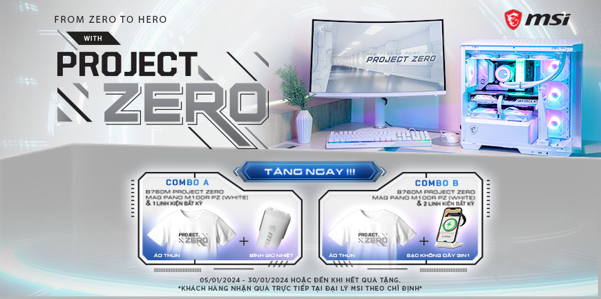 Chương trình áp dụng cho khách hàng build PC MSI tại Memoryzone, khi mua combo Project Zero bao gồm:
...
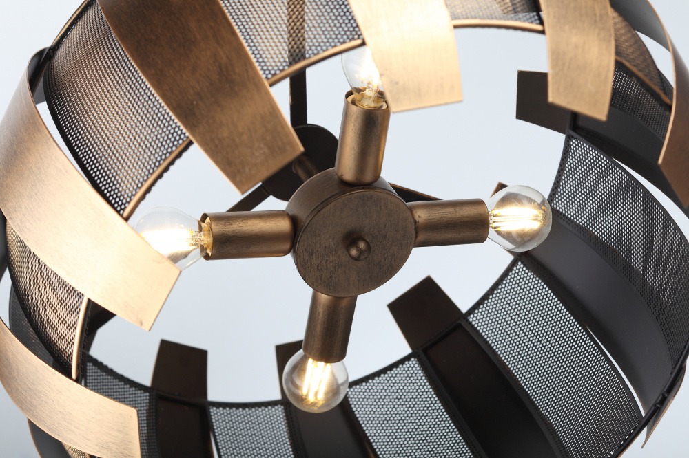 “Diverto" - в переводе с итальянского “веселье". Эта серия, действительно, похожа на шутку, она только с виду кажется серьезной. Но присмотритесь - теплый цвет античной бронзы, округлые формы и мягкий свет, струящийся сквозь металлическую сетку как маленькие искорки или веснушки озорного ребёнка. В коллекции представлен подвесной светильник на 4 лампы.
* * *
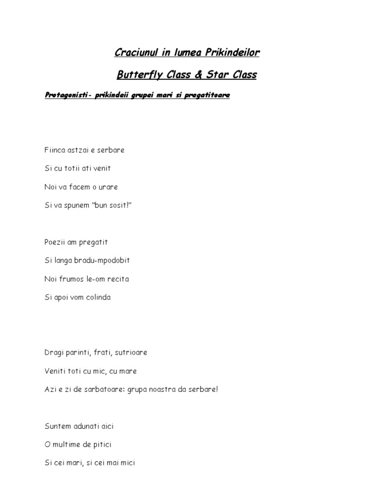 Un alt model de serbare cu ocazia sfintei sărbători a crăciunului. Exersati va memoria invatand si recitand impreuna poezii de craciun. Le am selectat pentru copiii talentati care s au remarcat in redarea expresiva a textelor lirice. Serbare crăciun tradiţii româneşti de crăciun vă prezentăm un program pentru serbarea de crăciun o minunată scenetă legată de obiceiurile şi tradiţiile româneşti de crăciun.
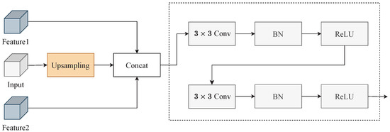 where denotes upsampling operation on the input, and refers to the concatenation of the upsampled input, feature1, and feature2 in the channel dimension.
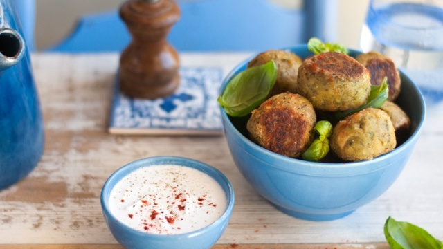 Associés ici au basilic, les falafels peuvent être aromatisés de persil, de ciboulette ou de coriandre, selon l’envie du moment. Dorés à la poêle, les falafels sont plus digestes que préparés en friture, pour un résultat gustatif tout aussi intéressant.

Exercise details
Reproduce word for word, with pictures dropped, only the part of the material above that opens with the line containing "where denotes upsampling" and closes with the line containing "Associés ici au".

Result of the task
 where denotes upsampling operation on the input, and refers to the concatenation of the upsampled input, feature1, and feature2 in the channel dimension.
 Associés ici au basilic, les falafels peuvent être aromatisés de persil, de ciboulette ou de coriandre, selon l’envie du moment. Dorés à la poêle, les falafels sont plus digestes que préparés en friture, pour un résultat gustatif tout aussi intéressant.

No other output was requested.